> [Exercise brief]
Please go line by line and repeat the data below exactly, with no images.

> [Exercise input]

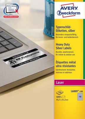 • Avery Zweckform No. L6009-100 ezüst színű 45,7 x 21,2 mm méretű, lézernyomtatóval nyomtatható, öntapadós ipari etikett címke, erős, tartós ragasztóval A4-es íven - kiszerelés: 4800 címke / 100 ív
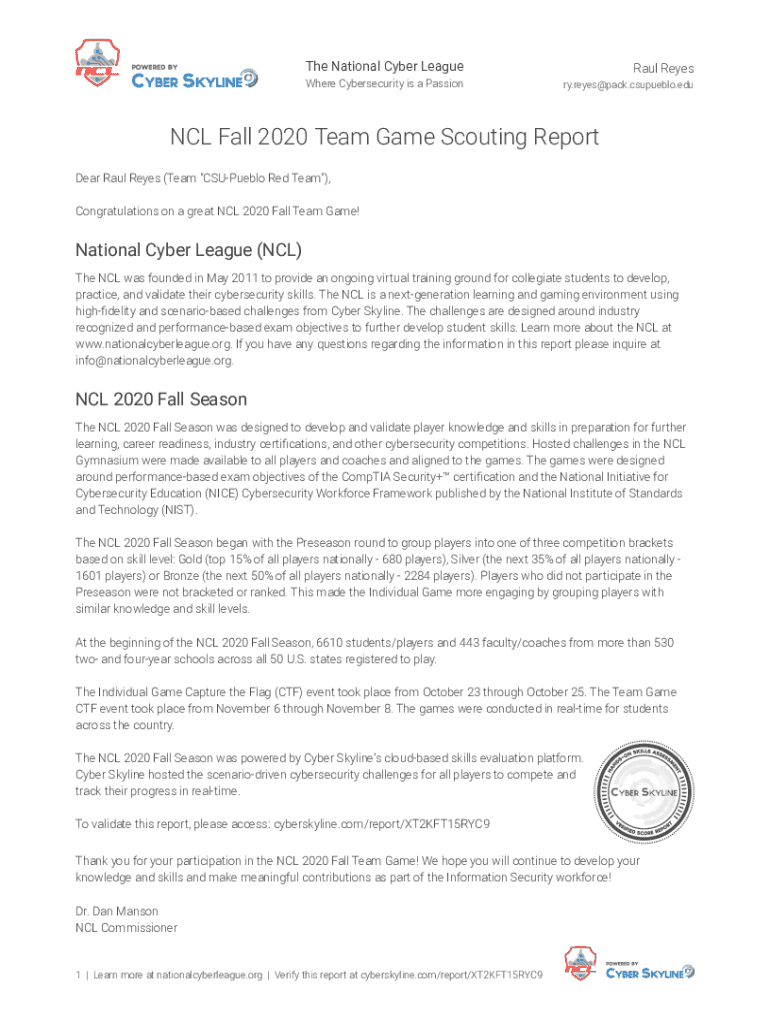 The National Cyber League Raul Elsewhere Cybersecurity is a Passionry.reyes@pack.csupueblo.eduNCL Fall 2020 Team Game Scouting Report Dear Raul Reyes (Team \” CSU Pueblo Red Team\”), Congratulations
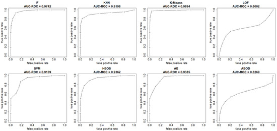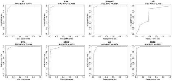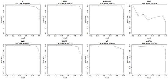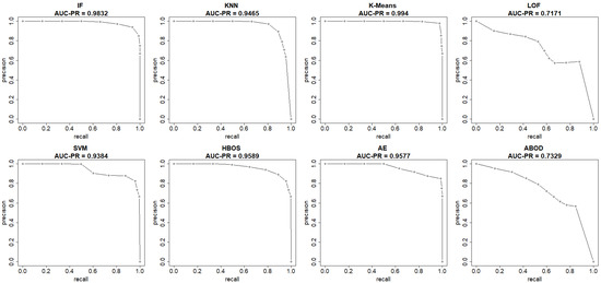 The ROC curve for the kth unsupervised model is obtained by connecting the coordinate pairs of (FPR, TPR). Similarly, the precision-recall curve is constructed by plotting the coordinate pairs (recall, precision), as shown in Equations (10) and (11). The area under the curves can be calculated using the trapezoidal rule.
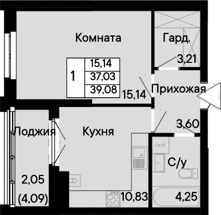 Общая площадь: 39.08м2
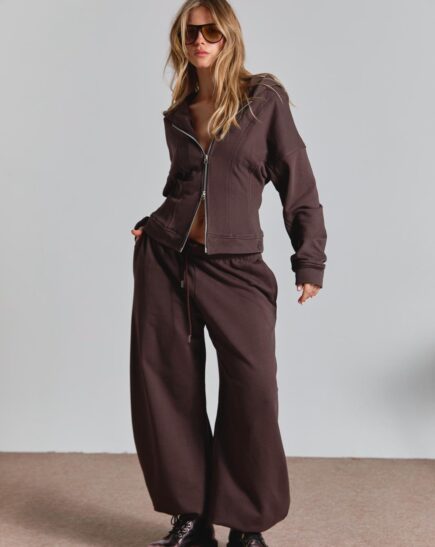 רך ונעים הסט כולל ג'קט קצר עם רוכסן מכנסיים רחבים
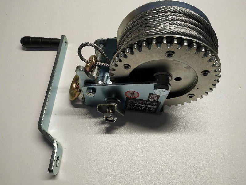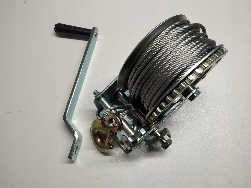 оснащений 20-метровим 4, 8-міліметровим дротяним тросом без скручування з запобіжним гаком і запобіжним язичком. Захисна вкладка запобігає небажаному звільненню вантажу.
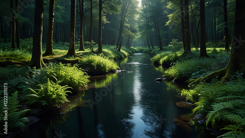 © Kaila, Fototapeta premium A small river meanders through the forest. Forest view
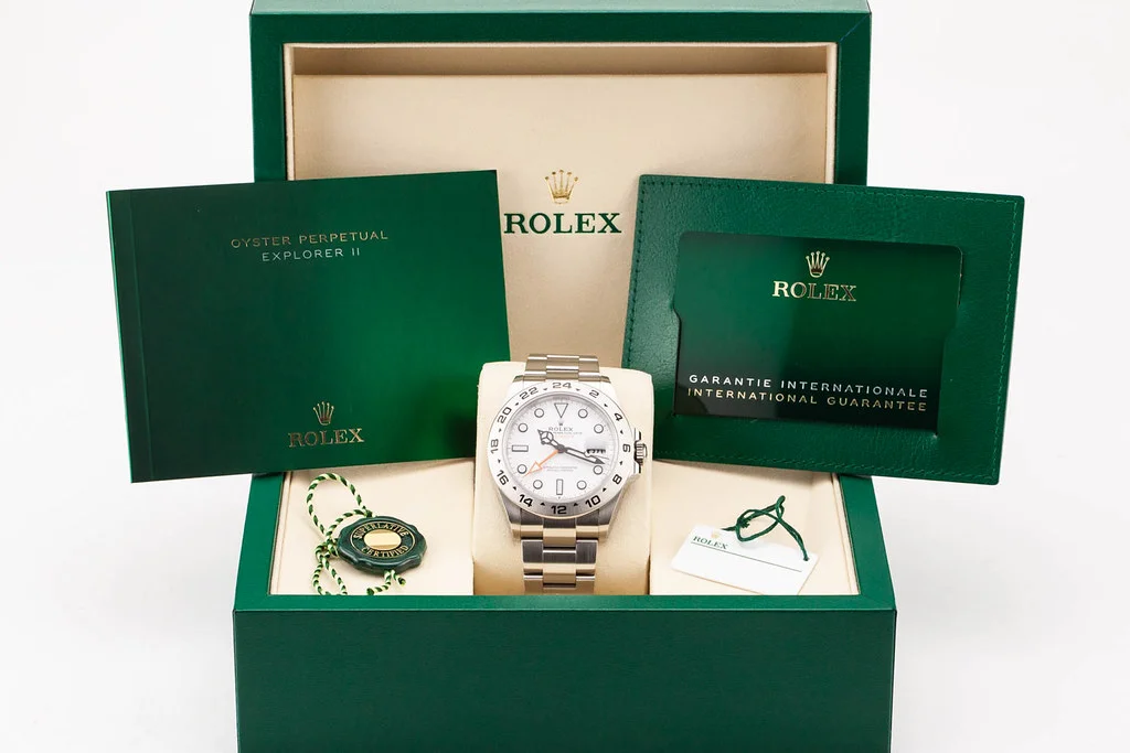 ·Up for sale is a brand new Rolex Explorer II 42mm Polar White Dial, reference # 226570. It comes complete with all newly redesigned boxes, papers, booklets, hang tags, and Rolex Warranty Card dated August 2025.

> [Result of this task]
 • Avery Zweckform No. L6009-100 ezüst színű 45,7 x 21,2 mm méretű, lézernyomtatóval nyomtatható, öntapadós ipari etikett címke, erős, tartós ragasztóval A4-es íven - kiszerelés: 4800 címke / 100 ív
 The National Cyber League Raul Elsewhere Cybersecurity is a Passionry.reyes@pack.csupueblo.eduNCL Fall 2020 Team Game Scouting Report Dear Raul Reyes (Team \” CSU Pueblo Red Team\”), Congratulations
 The ROC curve for the kth unsupervised model is obtained by connecting the coordinate pairs of (FPR, TPR). Similarly, the precision-recall curve is constructed by plotting the coordinate pairs (recall, precision), as shown in Equations (10) and (11). The area under the curves can be calculated using the trapezoidal rule.
 Общая площадь: 39.08м2
 רך ונעים הסט כולל ג'קט קצר עם רוכסן מכנסיים רחבים
 оснащений 20-метровим 4, 8-міліметровим дротяним тросом без скручування з запобіжним гаком і запобіжним язичком. Захисна вкладка запобігає небажаному звільненню вантажу.
 © Kaila, Fototapeta premium A small river meanders through the forest. Forest view
 ·Up for sale is a brand new Rolex Explorer II 42mm Polar White Dial, reference # 226570. It comes complete with all newly redesigned boxes, papers, booklets, hang tags, and Rolex Warranty Card dated August 2025.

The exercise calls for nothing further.